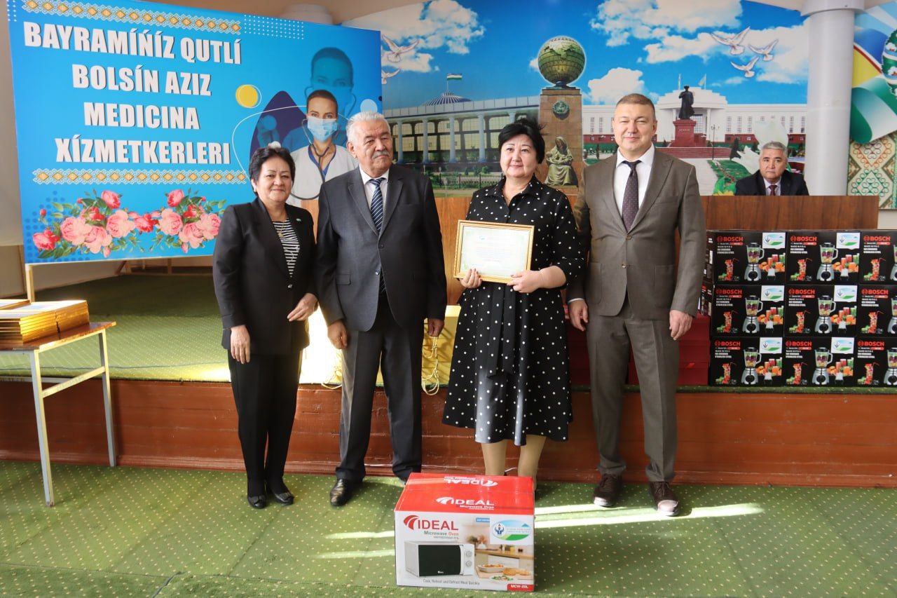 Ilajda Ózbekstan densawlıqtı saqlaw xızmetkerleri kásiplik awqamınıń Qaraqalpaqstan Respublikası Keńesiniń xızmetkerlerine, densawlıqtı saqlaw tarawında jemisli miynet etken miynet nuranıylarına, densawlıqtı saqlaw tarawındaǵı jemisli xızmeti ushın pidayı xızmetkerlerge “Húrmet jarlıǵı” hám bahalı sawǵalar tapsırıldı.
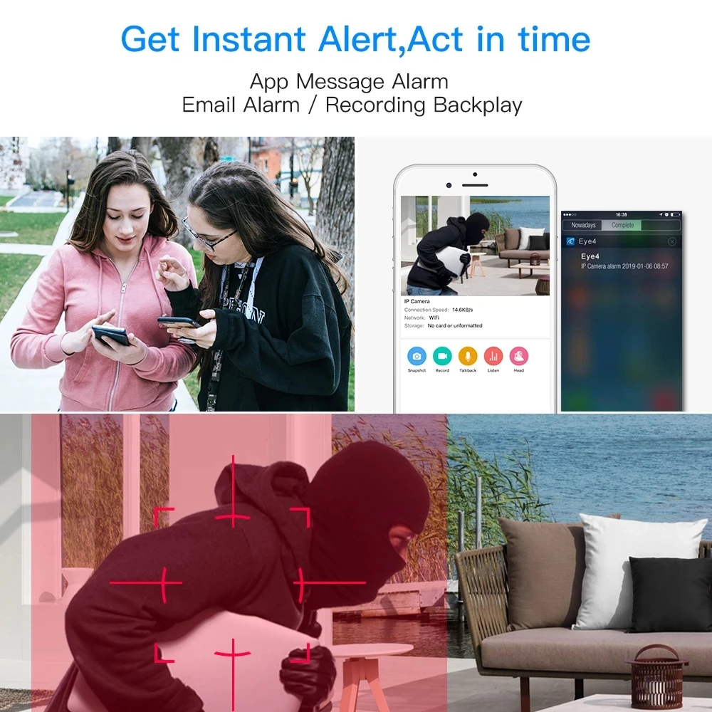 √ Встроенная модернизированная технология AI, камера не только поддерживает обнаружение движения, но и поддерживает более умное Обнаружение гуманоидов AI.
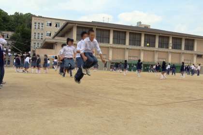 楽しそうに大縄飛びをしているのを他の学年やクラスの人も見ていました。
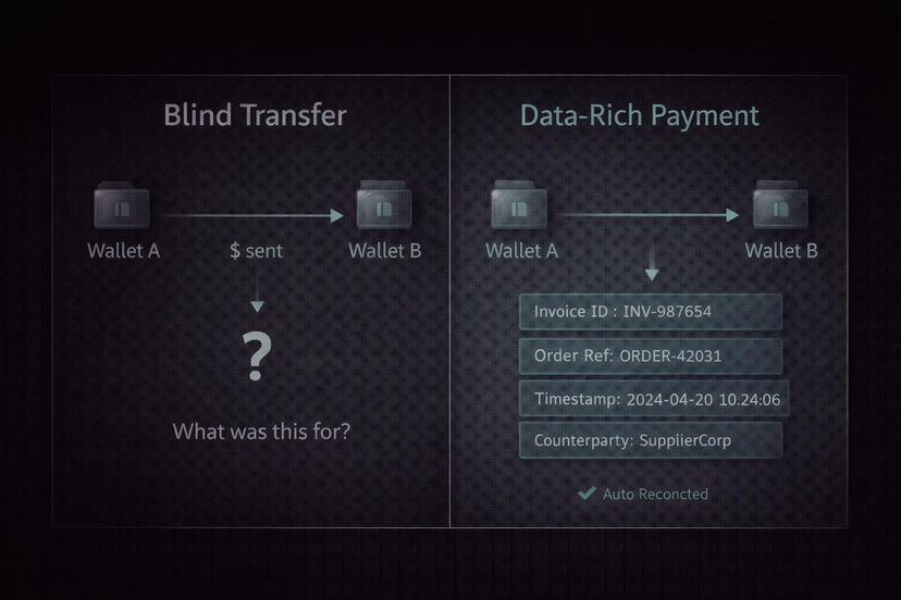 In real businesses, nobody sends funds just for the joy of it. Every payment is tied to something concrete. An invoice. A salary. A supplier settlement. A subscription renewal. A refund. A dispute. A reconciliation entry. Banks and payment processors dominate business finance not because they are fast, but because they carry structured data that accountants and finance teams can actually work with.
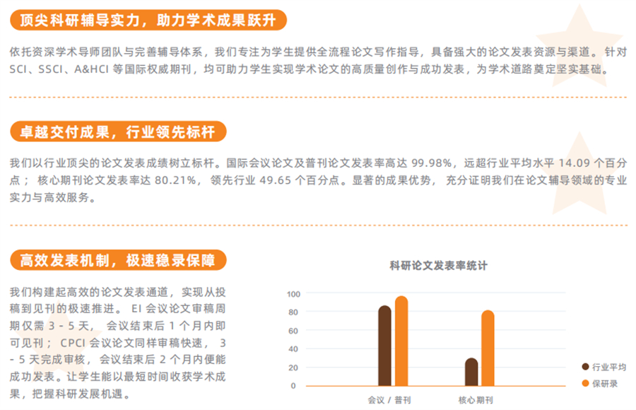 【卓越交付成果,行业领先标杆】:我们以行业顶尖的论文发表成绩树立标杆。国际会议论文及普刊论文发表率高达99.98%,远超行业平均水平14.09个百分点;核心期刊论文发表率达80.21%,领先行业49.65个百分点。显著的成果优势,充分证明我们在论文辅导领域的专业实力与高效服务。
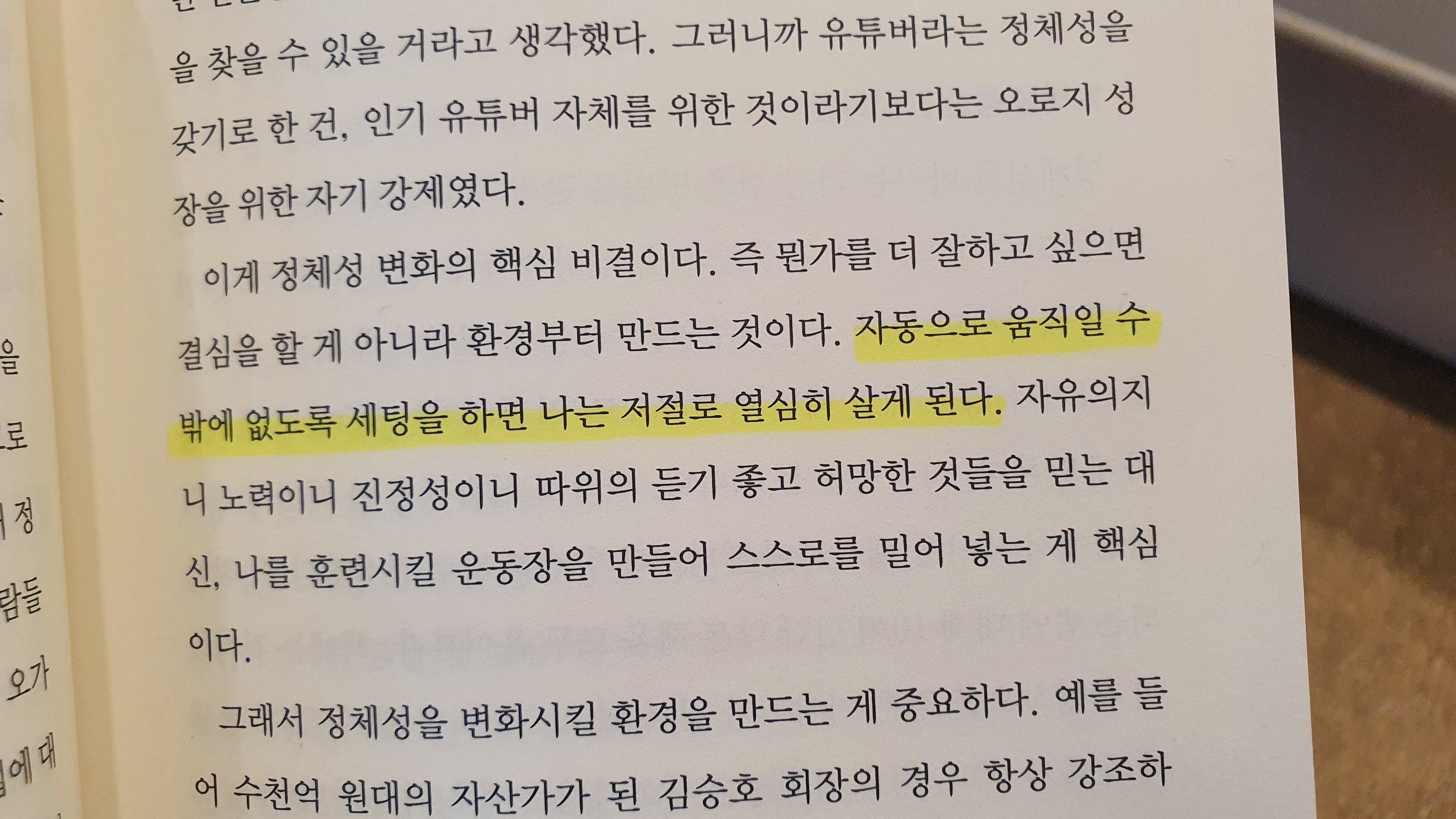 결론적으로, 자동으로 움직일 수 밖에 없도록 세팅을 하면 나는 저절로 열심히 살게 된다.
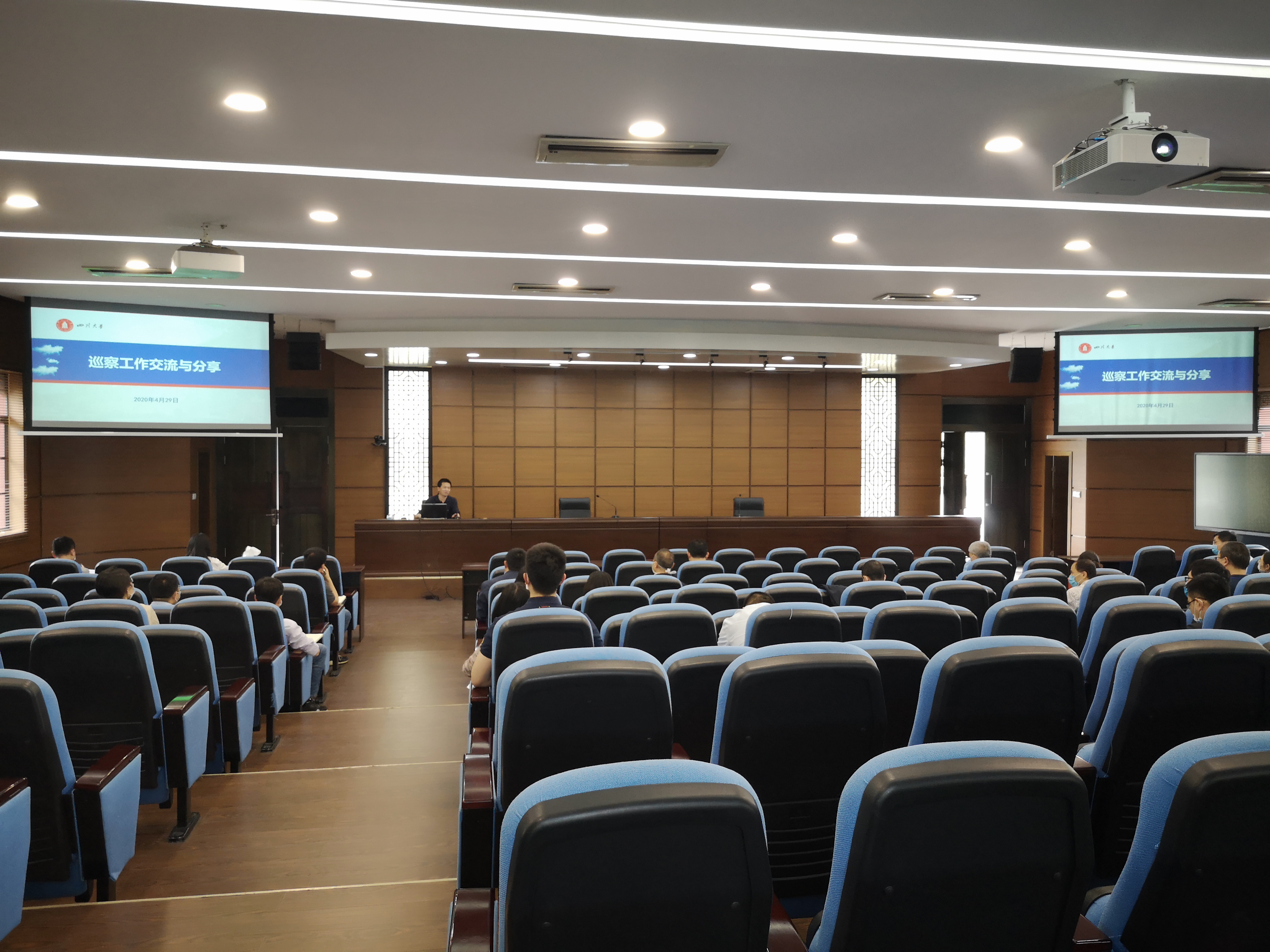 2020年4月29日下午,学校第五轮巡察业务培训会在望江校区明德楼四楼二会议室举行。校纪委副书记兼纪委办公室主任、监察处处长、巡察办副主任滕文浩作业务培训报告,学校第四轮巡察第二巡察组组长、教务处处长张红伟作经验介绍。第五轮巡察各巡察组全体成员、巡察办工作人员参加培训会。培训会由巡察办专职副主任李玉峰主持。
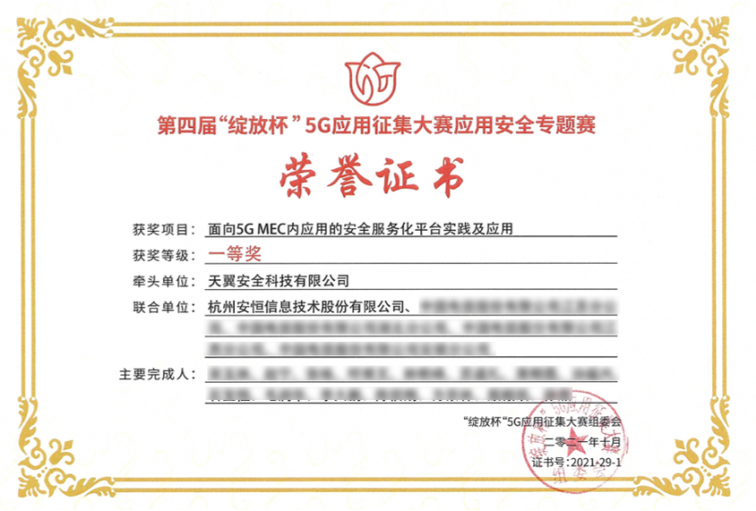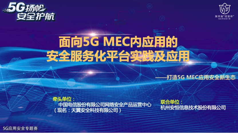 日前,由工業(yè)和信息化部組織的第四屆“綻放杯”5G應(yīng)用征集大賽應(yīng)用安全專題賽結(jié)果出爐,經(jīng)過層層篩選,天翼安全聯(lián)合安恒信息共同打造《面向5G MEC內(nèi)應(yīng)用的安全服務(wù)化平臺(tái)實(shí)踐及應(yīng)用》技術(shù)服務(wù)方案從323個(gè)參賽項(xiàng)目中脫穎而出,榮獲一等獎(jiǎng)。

####

#### PROBLEM REQUIREMENTS
Restate all entries exactly; pictures stay out.

#### ANSWER TO THE EXERCISE
 Ilajda Ózbekstan densawlıqtı saqlaw xızmetkerleri kásiplik awqamınıń Qaraqalpaqstan Respublikası Keńesiniń xızmetkerlerine, densawlıqtı saqlaw tarawında jemisli miynet etken miynet nuranıylarına, densawlıqtı saqlaw tarawındaǵı jemisli xızmeti ushın pidayı xızmetkerlerge “Húrmet jarlıǵı” hám bahalı sawǵalar tapsırıldı.
 √ Встроенная модернизированная технология AI, камера не только поддерживает обнаружение движения, но и поддерживает более умное Обнаружение гуманоидов AI.
 楽しそうに大縄飛びをしているのを他の学年やクラスの人も見ていました。
 In real businesses, nobody sends funds just for the joy of it. Every payment is tied to something concrete. An invoice. A salary. A supplier settlement. A subscription renewal. A refund. A dispute. A reconciliation entry. Banks and payment processors dominate business finance not because they are fast, but because they carry structured data that accountants and finance teams can actually work with.
 【卓越交付成果,行业领先标杆】:我们以行业顶尖的论文发表成绩树立标杆。国际会议论文及普刊论文发表率高达99.98%,远超行业平均水平14.09个百分点;核心期刊论文发表率达80.21%,领先行业49.65个百分点。显著的成果优势,充分证明我们在论文辅导领域的专业实力与高效服务。
 결론적으로, 자동으로 움직일 수 밖에 없도록 세팅을 하면 나는 저절로 열심히 살게 된다.
 2020年4月29日下午,学校第五轮巡察业务培训会在望江校区明德楼四楼二会议室举行。校纪委副书记兼纪委办公室主任、监察处处长、巡察办副主任滕文浩作业务培训报告,学校第四轮巡察第二巡察组组长、教务处处长张红伟作经验介绍。第五轮巡察各巡察组全体成员、巡察办工作人员参加培训会。培训会由巡察办专职副主任李玉峰主持。
 日前,由工業(yè)和信息化部組織的第四屆“綻放杯”5G應(yīng)用征集大賽應(yīng)用安全專題賽結(jié)果出爐,經(jīng)過層層篩選,天翼安全聯(lián)合安恒信息共同打造《面向5G MEC內(nèi)應(yīng)用的安全服務(wù)化平臺(tái)實(shí)踐及應(yīng)用》技術(shù)服務(wù)方案從323個(gè)參賽項(xiàng)目中脫穎而出,榮獲一等獎(jiǎng)。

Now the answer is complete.